Pelanggaran yang terjadi akan ditanggung oleh pribadi yang bersangkutan. Pada dasarnya, Kejari akan melakukan mitigasi. Pemkot juga diharap aktif melakukan koordinasi, transparansi, dan menyampaikan laporan-laporan secara intens.
“Sehingga kita bersama sama memitigasi kemungkinan terjelek apa yang akan muncul, kita bisa carikan solusi, kita carikan mana jalan terbaik agar pekerjaan ini bisa berjalan, tanpa ada perbuatan melawan hukum,” tegasnya.
Baca Juga :
Wali Kota Makassar Berhentikan Sementara Kadis Sosial
Ini kali pertamanya Kejari dilibatkan dalam proses pendampingan kata Andi Sundari, jika ada temuan maka Aparat Pengawas Intern Pemerintah (APIP) lebih dulu harus menyelesaikan.

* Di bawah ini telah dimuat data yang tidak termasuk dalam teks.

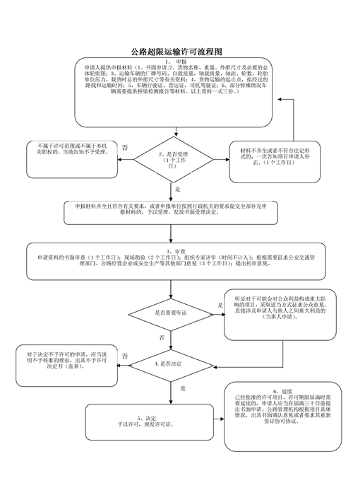 2、审查阶段责任:申请材料书面审查;根据需要对车货总重超过55吨或需要监护通行的车辆进行现场审查(现场勘验);根据需要征求部门意见(征求公安机关交通管理部门、公路经营企业意见);对车货载重超过200吨(不含200)或轴载质量超过公路桥梁承载能力的车辆,需要提供桥梁检测报告:对货车总重超过300吨(含300)的车辆,需要组织专家评审;提出初审意见决定阶段责任:作出决定(不予行政许可的应当告知理由);其他法定告知。 5、其他法律法规规章文件规定应履行的责任。 |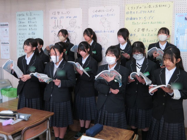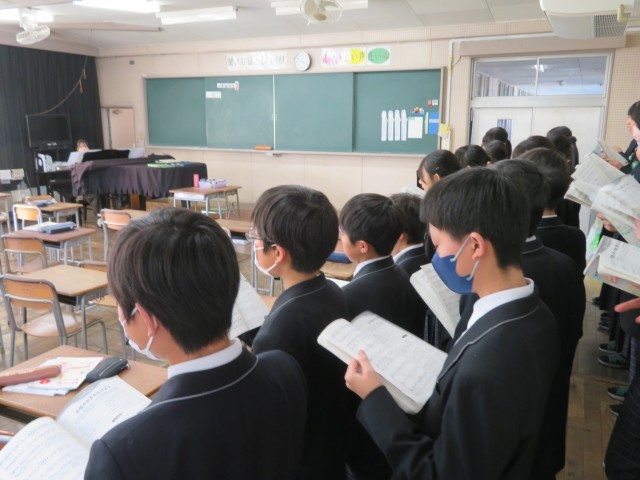 現在、1年生の音楽の授業では、お世話になった3年生へ感謝を届ける「予餞会(卒業生を送る会)」に向けた合唱練習が本格的に始まっています。

Jika dalam waktu 60 hari belum tuntas maka masalah tersebut akan dilimpahkan ke Aparat Penegak Hukum (APH).
“Kita proses (jika ada temuan) yang jelas semua pekerjaan itu harus ada APIP yang akan mendampingi itu. Kita publikasikan, nanti bagaimana APIP menyelesaikannya, bagaimana UU petunjuk temuan itu diselesaikan oleh APIP selama 60 hari. Apabila 60 hari itu kemudian tidak diselesaikan maka diserahkan ke APH,” pungkasnya. (mun)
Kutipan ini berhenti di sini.